Perhaps she had discovered X’s real identity. She had been lurking around police headquarters. Perhaps she had seen two Keegans enter the building. But as long as there was even a suspicion that Betty was in the power of that ruthless murderer, X would suffer the tortures of the damned. He realized that his brain was fogged with hideous visions that speculated on all the terrors that might befall Betty before he could reach her.
He stood up suddenly. “Let’s go.” And together they hurried from the café.
“This hideout of his,” Fay October explained as they rolled along in X’s car, “is a regular fort. He and the Turneys fixed it up. It’s filled with traps and crazy passages. A squad of police wouldn’t have a chance of getting at him, but one man might be able to.”
X was driving according to the girl’s direction. He noticed that a taxi had been following them ever since they had left the café. But as compared with the peril of Betty Dale, all other dangers seemed of secondary importance.
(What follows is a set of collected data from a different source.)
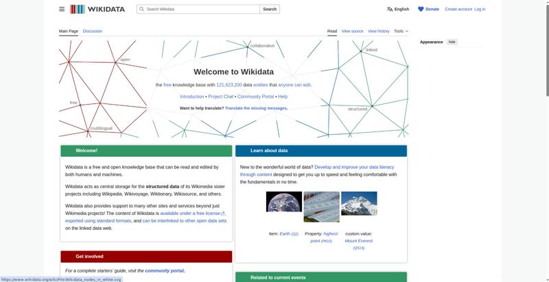 | <img src="//upload.wikimedia.org/wikipedia/commons/thumb/a/a3/Wikidata_nodes_in_white.svg/1920px-Wikidata_nodes_in_white.svg.png" decoding="async" width="1285" height="340" class="mw-file-element" srcset="//upload.wikimedia.org/wikipedia/commons/thumb/a/a3/Wikidata_nodes_in_white.svg/3840px-Wikidata_nodes_in_white.svg.png 2x" data-file-width="1285" data-file-height="340"> | |||||
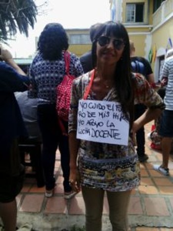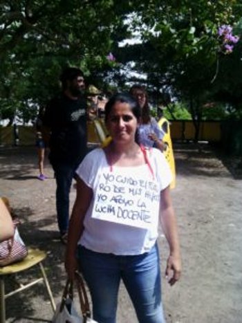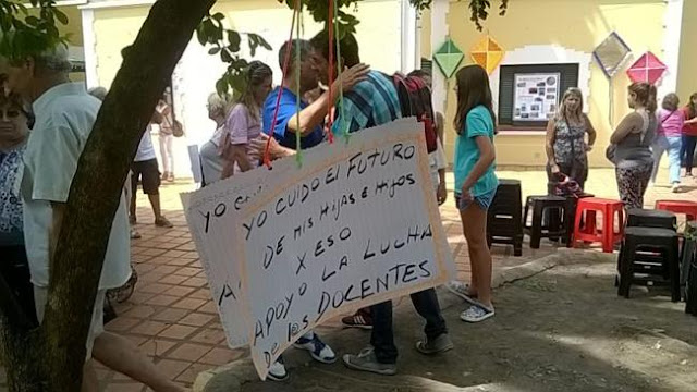 Los padres y madres del establecimiento educativo Crear y Ser de Castelar, donde concurren los hijos de la gobernadora María Eugenia Vidal, esperaron a la jefa bonaerense con carteles de apoyo a la lucha docente. “Yo cuido el futuro de mis hijos, por eso apoyo la lucha docente”.
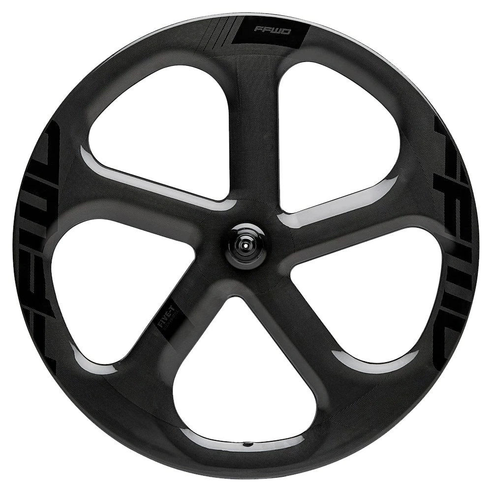 The Five-T front tubular track wheel features a 55mm rim depth and 5 carbon 70mm NACA profile bladed spokes and delivers exceptional aerodynamic performance.
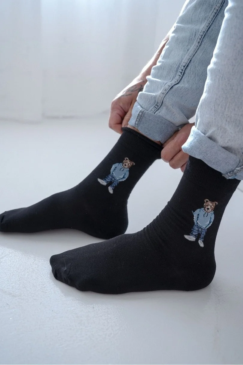 Dodajte svojmu šatníku nádych humoru a pohodlia s pánskymi ponožkami AVANGARD MISIEK! Tento jedinečný model od značky MILENA má rozkošný vzor medvedíka v modrej teplákovine, ktorý dodá charakter každému outfitu. Sú vyrobené z kvalitnej bavlny (75 %) s prídavkom elastanu (5 %) a polyamidu (20 %), vďaka čomu perfektne sedia, sú priedušné a odolné. Sú ideálnou voľbou na každodenné nosenie alebo ako darček pre tých, ktorí majú radi netradičné doplnky!
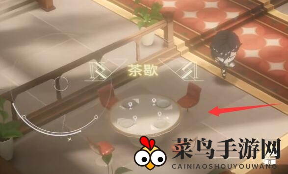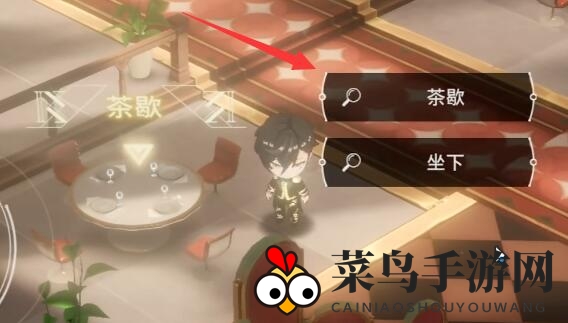 2、靠近餐桌,系统提示会自动弹出,记得点击“茶歇”按钮(直接坐下是无效的)。
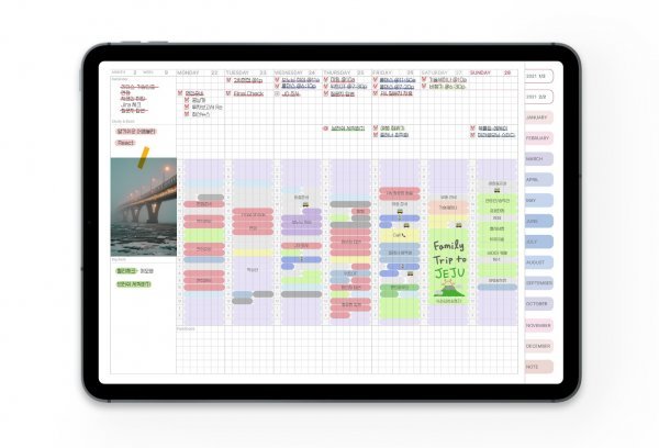디지털 플래너는 이얼리-먼슬리-위클리로 이어지는 체계적인 구성으로 플래너 내에 삽입된 하이퍼링크를 통해 자유롭게 이동하면서 언제 어디서든 쉽게 기록할 수 있다.
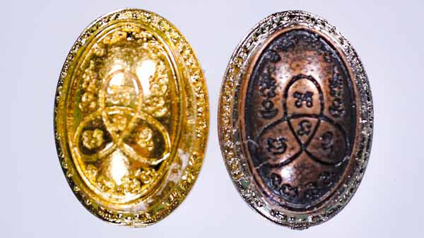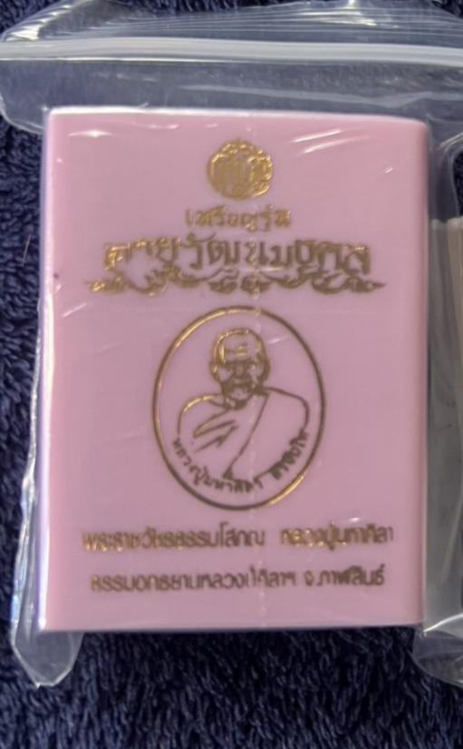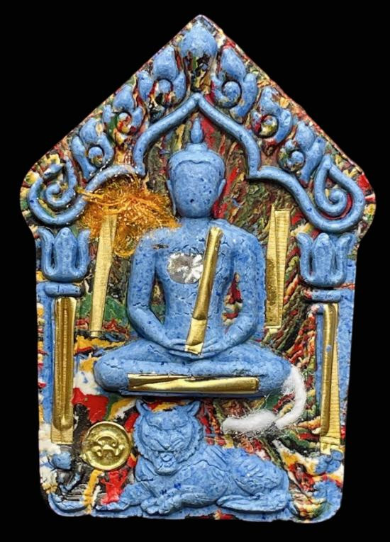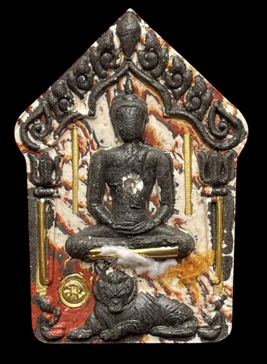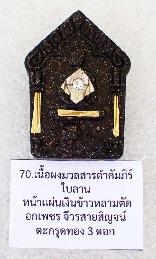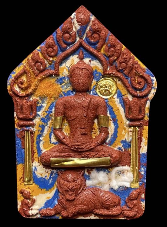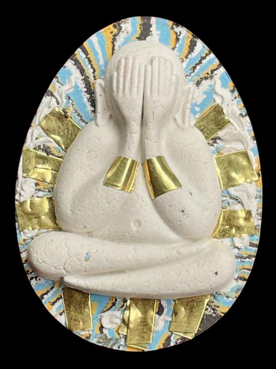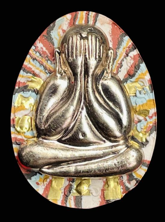 พระปิดตา รุ่น ล้าน รวย รวย หลวงปู่ศิลา สิริจันโท วัดสวนสงฆ์แกแปะ จ.กาฬสินธุ์ ปลุกเสก 9 วาระ เกษรโรยตะใบทอง เลข ๓๑ |
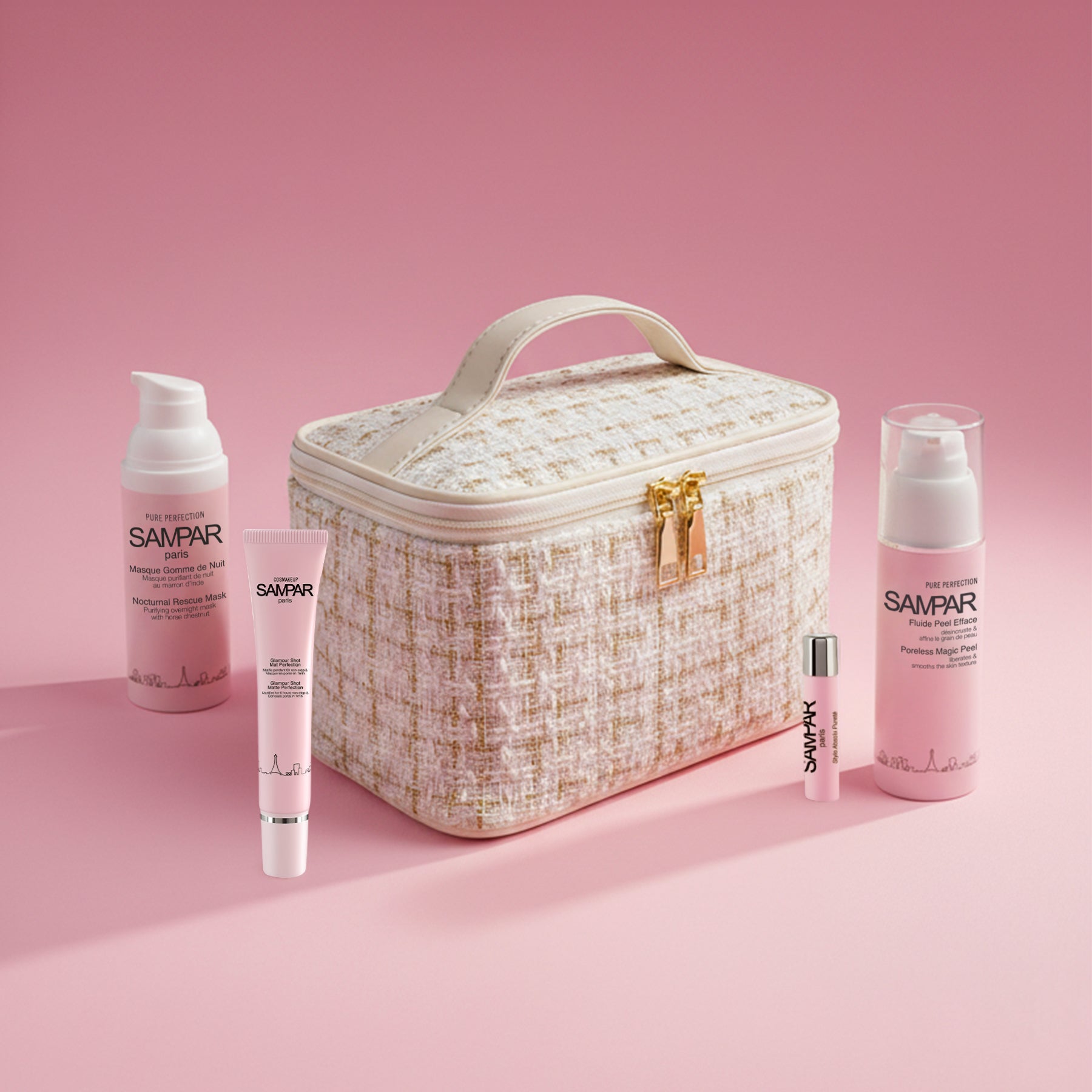 Cette trousse Winter Break réunit les soins purifiants Sampar pour une peau nette, apaisée et éclatante, même en plein hiver.

“Stop here,” Fay directed when they had reached the river front. “It will be safer if I go the rest of the way on foot. You can follow. It will not seem as though I deliberately brought you here.”
X agreed. He would have agreed to anything that he thought would bring him closer to Betty Dale. Impatiently, he drummed with his fingers on the steering wheel while he watched Fay October hurrying down the street. When she had gone about half a block, X got out and followed. He saw her enter the door of the long, low building that extended out over the river. As he approached, his keen glance took in every detail of the building.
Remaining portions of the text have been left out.